Now for how this ties into the question of either adding an ad-hoc modification to an existing model or switching to an entirely different model (the normal science vs paradigm shift). Suppose you have data D and two competing models M and M' giving the same compression ratio of the data with |M| << |M'|. At this point you're going with M, given that it leads to a smaller length of the model+compressed data. Now suppose new data comes in that isn't explained by M (those "new facts" that you referred to). We have the choice of either adding an ad-hoc modification to M or switch to M'. At first we'd add an ad-hoc modification to M, making M slightly larger. If we keep doing this though then at some point we'll have made M so large that it has become larger than M', rather than |M| < |M'| it is now |M| > |M'| and hence we switch from M to M' - that's the paradigm shift. That's what I meant by saying that formalisms exist in which the notion of why and when to switch from adding ad-hoc modifications to existing models to using an entirely different model can be made precise.
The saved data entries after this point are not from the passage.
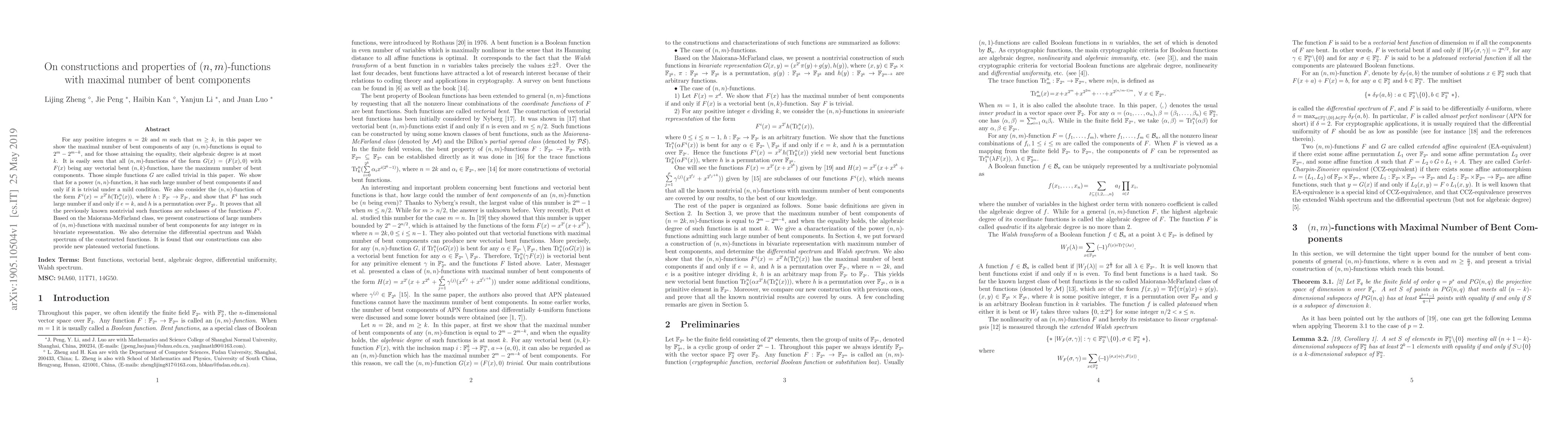 This paper investigates the maximal number of bent components in $(n,m)$-functions, proving that it equals $2^{m}-2^{m-k}$ for $n=2k$ and $m\geq k$. It shows that trivial functions of the form $G(x)=(F(x),0)$ with $F(x)$ being any vectorial bent $(n,k)$-function achieve this maximum, while nontrivial functions fall under specific forms.
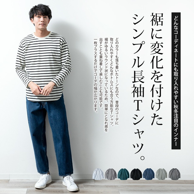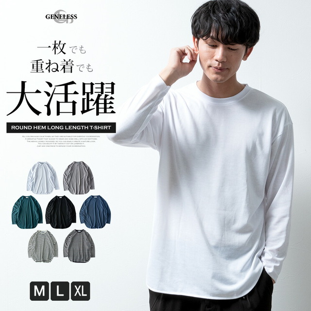 tシャツ メンズ 長袖 ラウンド裾 クルーネック 長袖tシャツ 重ね着 クルーネック インナー 秋冬 トップス 無地 シンプル ボーダー 全7色 2478-2490 ジェネレス
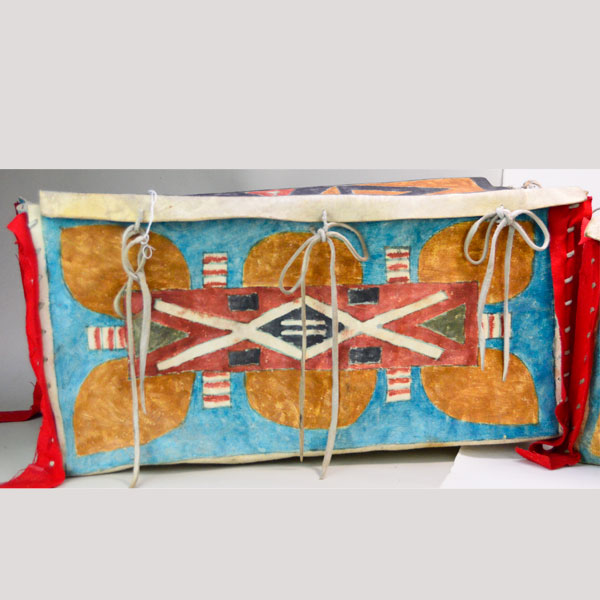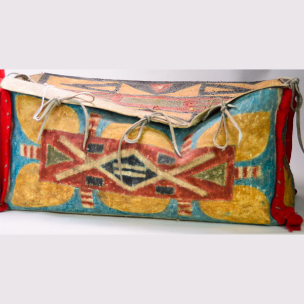 Rawhide serves as a durable material for making shields and containers of many sizes and shapes. These versatile containers held food, clothing, personal belongings, and important cultural items. These containers played an essential role in the mobile lifestyle of many Plains communities since they are lightweight and sturdy.
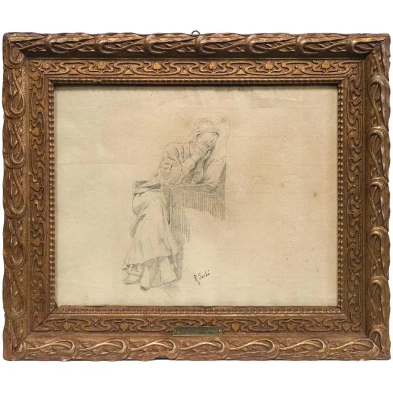 Raffaello Sorbi (Firenze, 1844-1931), Il Riposo di Dante (Bozzetto preparatorio), matita su carta, con cornice
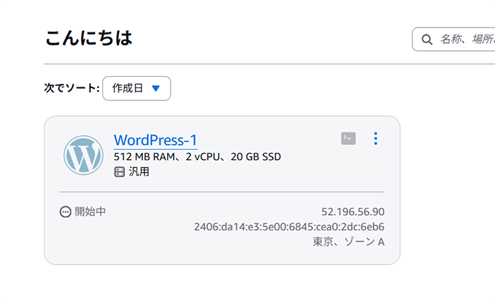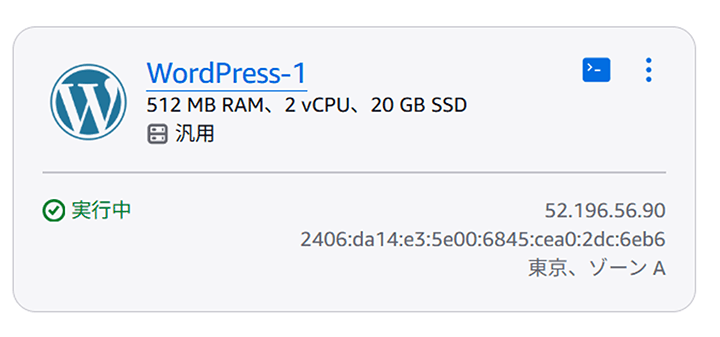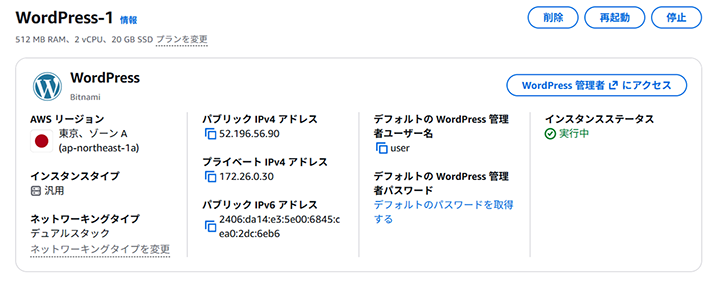 ※下記画像のインスタンス名「WordPress-1」をクリックすると、インスタンスの詳細情報が表示されます。
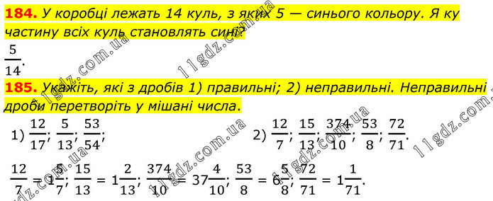 184. У коробці лежать 14 куль, з яких 5 — синього кольору. Я ку частину всіх куль становлять сині? 5/14. 185. Укажіть, які з дробів 1) правильні; 2) неправильні. Неправильні дроби перетворіть у мішані числа. 1) 12/17; 5/13; 53/54; 2) 12/7; 15/13; 374/10; 53/8; 72/71. 12/7 = 15/7; 15/13 = 12/13; 374/10 = 374/10; 53/8 = 65/8; 72/71 = 11/71.
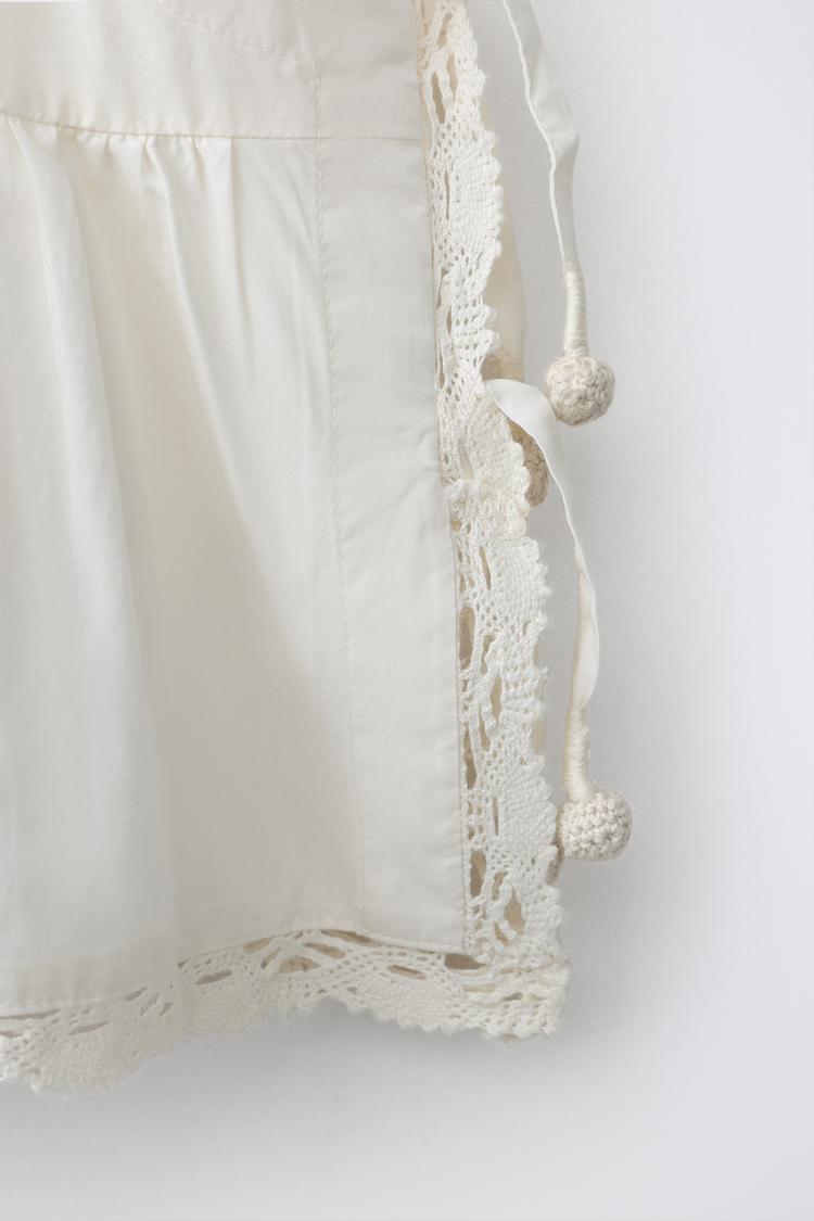 Топ с прямым вырезом и бретельками. Детали в виде складок и бантиков с кисточками по бокам. Низ с кружевной отделкой.
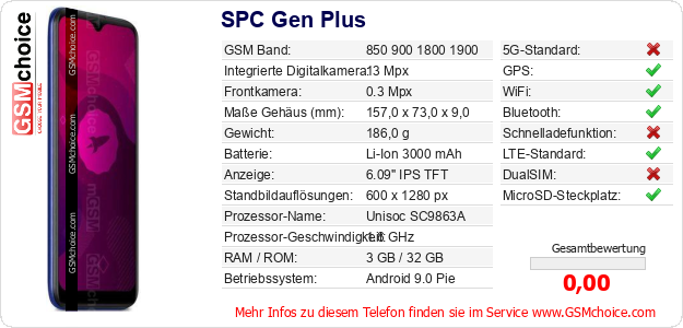Hast du eigene Webseite? Willst du die Informationen über Standarddaten des Handys SPC Gen Plus irgendwo veröffentlichen? Das ist sehr einfach. Du kannst das Bild herunterladen oder kopieren und auf der Webseite folgenden Code hinzufügen:Das Einfügen von diesem Code verursacht das Anzeigen von dem folgenden Bild:
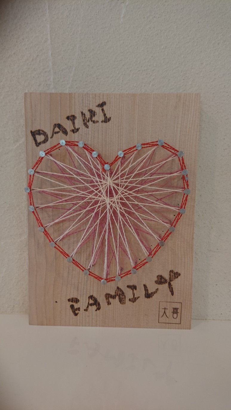 ホーム > 大喜ブログ >【ストリングアート】広島工務店ブログvol.531 ブログ BLOG 【ストリングアート】広島工務店ブログvol.531 【 大畑美和 】 投稿日:2019.09.4 一覧に戻る 大喜大感謝祭では、多くの方に手作りストリングアートを楽しんでいただきました。 その時の作品にウッドバーニングで文字をいれてみました。 by 大畑美和 user-daiki カレンダー <<前の月 2026年1月2025年12月2025年11月2025年10月2025年9月2025年8月 次の月>> 日月火水木金土12345678910111213141516171819202122232425262728293031日月火水木金土12345678910111213141516171819202122232425262728293031日月火水木金土123456789101112131415161718192021222324252627282930日月火水木金土12345678910111213141516171819202122232425262728293031日月火水木金土123456789101112131415161718192021222324252627282930日月火水木金土12345678910111213141516171819202122232425262728293031 最近のエントリ 最近のエントリ 01/24 【金毘羅山参り】広島工務店ブログvol.1687 01/22 【構造用合板のコト】広島工務店ブログvol.1686 01/19 【あんぱん】広島工務店ブログvol.1685 01/18 【木造住宅 耐震調査】広島工務店ブログvol.1684 01/17 【YouTube更新】エアコン1台で家中快適!職人技が光る造作キッチンと、こだわり抜いた「釣り動線」を巡るルームツアー カテゴリー ブログ(1,905) ・岡本拓也(15) ・越智彩愛(11) ・竹吉朗(7) ・竹本明子(149) ・山﨑昂篤(5) ・柿田浩子(225) ・柿田大輔(346) ・柿田勝司(309) ・細澤良(61) ・平田政貴(71) ・吉岡靖(76) ・藤田豊(70) ・野村崇(44) ・溝上暁大(69) ・大畑美和(45) ・熊本由美子(56) ・大喜ブログ(1327) ・スタッフブログ(639) ・お知らせ(44) ・未分類(114) ブログアーカイブ ・2026年1月 (12) ・2025年12月 (11) ・2025年11月 (11) ・2025年10月 (10) ・2025年9月 (7) ・2025年8月 (14)

And lastly for the disclaimers. First of all, I have of course left out a whole lot of stuff and took some shortcuts to try to make it easy and so there are several technical inaccuracies in the above. Secondly, this particular formalism (and there are many related ones) isn't how this is done in practice. Foremost because Kolmogorov complexity is undecidable (there is no possible algorithm that will give you the Kolmogorov complexity of an arbitrary string) and also because actually formalizing actual physics models and data in this way would be an incredible amount of work for little practical benefit. What it does do, however, is give a precise formal notion as to
why and
when either ad-hoc modifications to existing models are made or entirely different models are substituted. Edit: As a last disclaimer, since you brought up the social sciences, if your models and data are not mathematically precise then they are not amenable to algorithmic information theory and the above obviously doesn't apply. I'm not familiar enough with social sciences to readily tell, so for sake of argument just assume I'm talking here physics only.